The above-described toner is prepared usually by melt-mixing a hot-melt resin, a pigment, and an additive such as a charge control agent according to circumstances, and grinding and pulverizing the resulting melt-mixed product. A latent image in the electrophotographic method exhibits considerably high resolution as compared with the pulverized toner, and sufficient resolution can be expected in comparison with that of the screen printing, or that of an ink ribbon in a thermal transfer system.
With respect to a color image, four primary colors of cyan, magenta, yellow, and black are used in color toners, and when these toners are mixed, colors can be theoretically reproduced as in the case of printing. Besides, a toner resin can be incorporated comparatively freely with pigments in the toners, so that an image masking property by the toners can be increased easily.
The base material (core) which is most frequently used for a variety of dummy cans or the like at present is a polycarbonate sheet. The reason of which is in that polycarbonate sheet is excellent in printing characteristics and also in forming process suitability (convexoconcave processing). However, when such polycarbonate sheet applied to electrophotography without any modification, a toner being an image forming material cannot be sufficiently transferred thereto, and it results in poor image quality, because the sheet surface of polycarbonate is insulative.
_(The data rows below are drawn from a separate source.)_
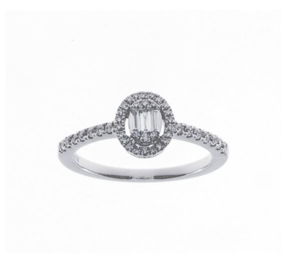 Anello della collezione Magia in oro bianco con diamante centrale a taglio a baguette di caratura 0,08 di colore G e diamanti nel contorno e nel gambo di taglio rotondo di caratura 0.27 di colore GH.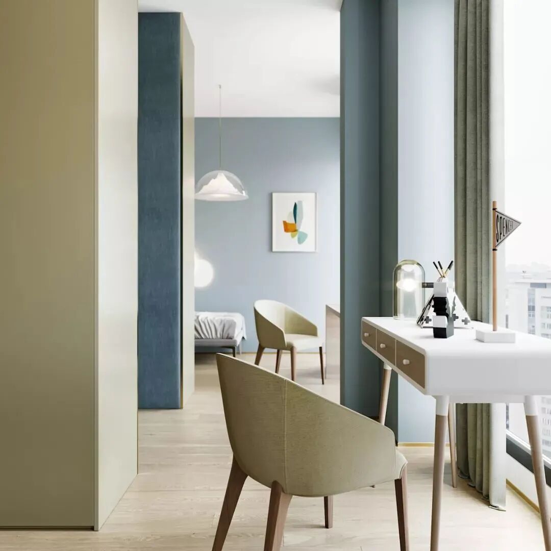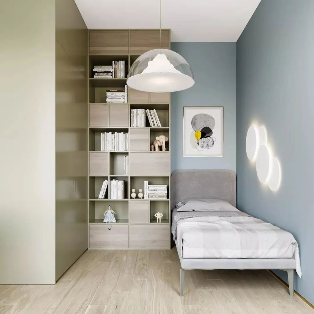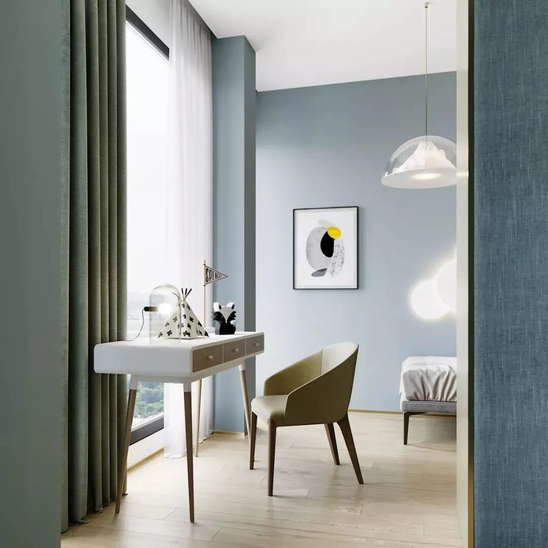 儿童房选用蓝色调作为基底,代表了孩子的天真与活力。空灵的白色吊灯,给孩子带来梦幻的视觉享受。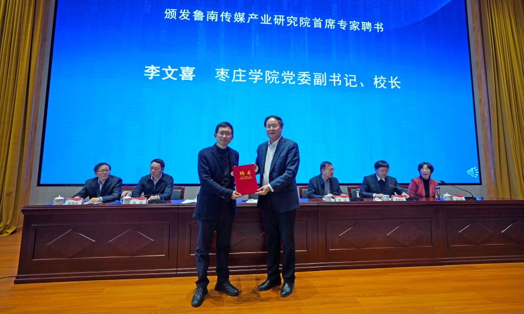 李文喜为鲁南传媒产业研究院首席专家张凌浩校长颁发聘书。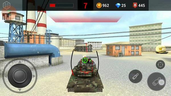 3、遇到敌方坦克时,点击右侧攻击按键,向敌方坦克发起攻击,尝试摧毁它们。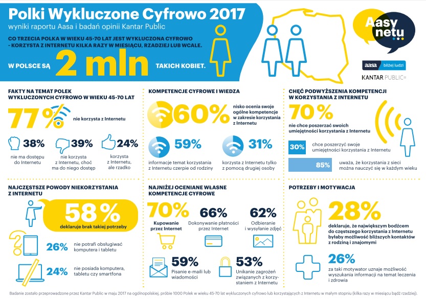 Kobiety między 45. a 70. rokiem życia, które rzadko lub w ogóle nie korzystają z Internetu, zwykle bardzo nisko oceniają swoje kompetencje cyfrowe. Ponad połowa z nich jako niedostateczne ocenia swoje umiejętności związane z obsługą komputera (59 proc.) i wyszukiwaniem informacji w sieci (57 proc.). W konsekwencji proste aktywności podejmowane w Internecie są przez nie jeszcze częściej oceniane krytycznie. Takie są wyniki Raportu Aasa – Polki Wykluczone Cyfrowo 2017, opracowanego na podstawie badania opinii zrealizowanego przez Kantar Public.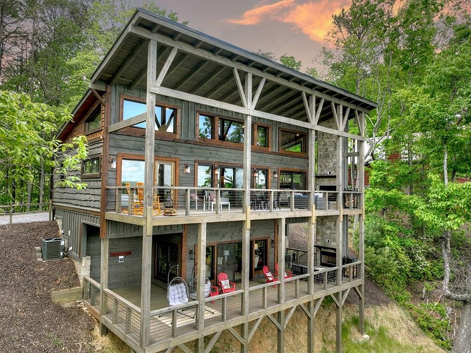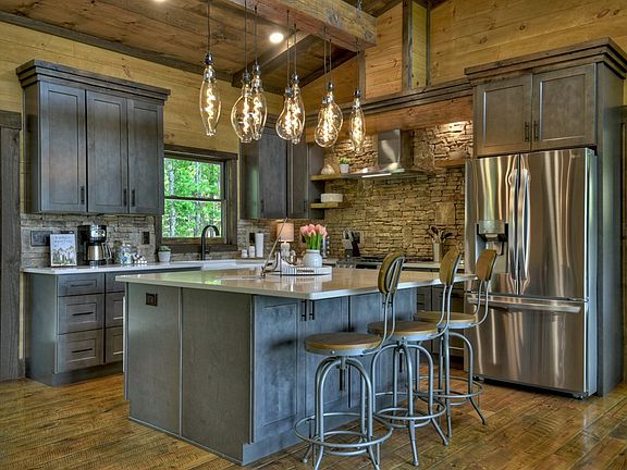 Mountain Modern Masterpiece – You'll find Custom finishes throughout this new construction 3BR, 3BA contemporary rustic style home nestled in the heart of Cherry Log Mountain w/ easy access to both downtown Blue Ridge & Ellijay in addition to access to amenities such as the Benton MacKaye Hiking Trail & access to private lakes within the community. You get the best of both worlds - a tranquil mountain escape with easy and gentle access to town. The views from both levels are breathtaking spanning layers of ^^mountains^^. Unlike anything you've seen before, this residence is a testament to meticulous craftsmanship, boasting the stunning mountain views & unparalleled attention to detail including the stone backsplash in the kitchen, wet bar on terrace, 3 FP's including 1 inside and 2 outside, lots of outdoor living spaces, walk in tile showers, reclaimed-like barnwood walls, circle sewn flooring, stainless appliances + more. As you step inside, the warmth of the hardwood floors & the unobstructed layered mountain view that is the backdrop, offers a warm & inviting atmosphere. The kitchen is a chef's delight, featuring beautiful, stained cabinets and top-of-the-line appliances. The master bedroom is a sanctuary, while the second bedroom offers both privacy and convenience with its own bathroom & living room access. The finished terrace level is an entertainer's dream, complete with a great room/recreation room, wet bar, & third guest suite featuring a unique rock shower all opening onto massive outdoor living areas on the covered porches overlooking these captivating mountain views. This home truly checks all the boxes for those seeking a custom, mountain retreat with modern comforts. Don't miss the opportunity to make this one-of-a-kind property your own! Professionally staged & furnished by Nathan Fitts & Team, North Georgia Home Staging, LLC.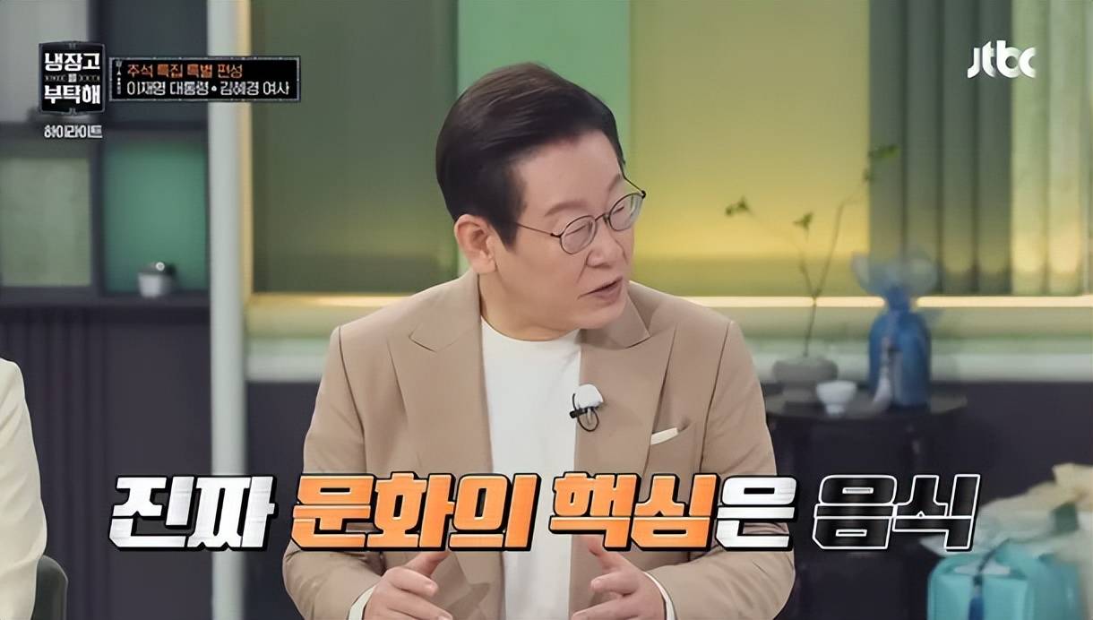 这期被安排为中秋特辑的节目,主题并非聚焦总统家的冰箱隐私,而是别出心裁地围绕“韩牛、干菜叶、沙参、白萝卜”等韩国本土食材展开料理对决。李在明在节目中直言:“K-pop和韩剧固然重要,但饮食才是文化真正的核心。”他强调,口味一旦在记忆中定型便难以改变,而饮食产业将是推动韩国文化输出与国家发展的关键动力——这也正是他愿意打破常规参与综艺的原因。

Since a polycarbonate sheet is an insulative material, static electricity generates easily, so that there is a case where it scatters a toner image to deteriorate its image quality, or a case where it adsorbs dust. Besides, since a friction coefficient between sheets is too high, there is such a problem that sheets stick with each other, and it results in poor sheet conveyorability. As a result, sheets are conveyed in an overlapped state in an electronograph.
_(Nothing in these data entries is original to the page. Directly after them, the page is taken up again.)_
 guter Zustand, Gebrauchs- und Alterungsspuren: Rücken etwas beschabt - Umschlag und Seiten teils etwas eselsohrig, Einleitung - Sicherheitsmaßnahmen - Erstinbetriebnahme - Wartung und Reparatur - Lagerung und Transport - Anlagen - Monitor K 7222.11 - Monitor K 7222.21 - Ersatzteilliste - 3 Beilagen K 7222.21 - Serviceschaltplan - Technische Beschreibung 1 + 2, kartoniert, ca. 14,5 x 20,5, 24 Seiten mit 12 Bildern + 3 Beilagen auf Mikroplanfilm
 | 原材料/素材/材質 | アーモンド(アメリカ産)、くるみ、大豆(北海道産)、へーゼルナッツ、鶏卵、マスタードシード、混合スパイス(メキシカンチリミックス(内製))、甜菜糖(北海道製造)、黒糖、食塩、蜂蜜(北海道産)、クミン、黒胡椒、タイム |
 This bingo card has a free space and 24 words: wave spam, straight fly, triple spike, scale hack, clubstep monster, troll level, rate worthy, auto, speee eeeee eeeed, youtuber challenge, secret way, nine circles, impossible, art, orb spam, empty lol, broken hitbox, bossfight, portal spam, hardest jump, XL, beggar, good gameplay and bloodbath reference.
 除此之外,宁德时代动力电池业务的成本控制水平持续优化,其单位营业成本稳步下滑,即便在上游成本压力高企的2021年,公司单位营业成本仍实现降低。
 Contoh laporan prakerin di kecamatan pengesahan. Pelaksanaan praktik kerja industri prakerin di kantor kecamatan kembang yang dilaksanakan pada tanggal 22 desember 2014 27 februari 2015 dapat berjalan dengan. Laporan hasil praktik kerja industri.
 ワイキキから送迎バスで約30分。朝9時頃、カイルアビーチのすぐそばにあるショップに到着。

When it is intended in an electronograph to print out images on a resin sheet as used in forming process which softens comparatively at a low temperature, a surface tack appears in a fixing step, because a fixing temperature is higher than a softening temperature of a film, and thus, there is a problem of occurrence of enwinding jam in a fixing device. In addition, there is a case where image forming materials are offset in the fixing device.
Hence, it brings about troubles of a transfer of such image forming materials to a film surface, so that the equal resolution to that of thermal transfer system cannot be obtained.
An example of a plastic sheet which has been heretofore used for sheet forming technique includes rigid or flexible polyvinyl chloride (PVC) sheets, polypropylene (PP) sheets, polystyrene (PS) sheets, ABS sheets, and polycarbonate (PC) sheets.
Among others, an inexpensive rigid PVC sheet having excellent transparency has been generalized, however, an amorphous polyethylene terephthalate (A-PET) sheet which does not contain any chlorine atom, thus it is excellent in non-toxicity, transparency, and surface gross, has been recently watched as a thermoformable sheet. Such highly transparent A-PET sheet is obtained by cooling quickly and forcibly polyethylene terephthalate to be an amorphous state by means of cooling rolls at the time of extruding a sheet. The A-PET sheet is excellent in thermoforming and transparent, so that a fair container can be formed. However, crystallization begins to proceed at a sheet temperature of from around 100° C. onward in case of formation, at the same time; there is a defect of whitening.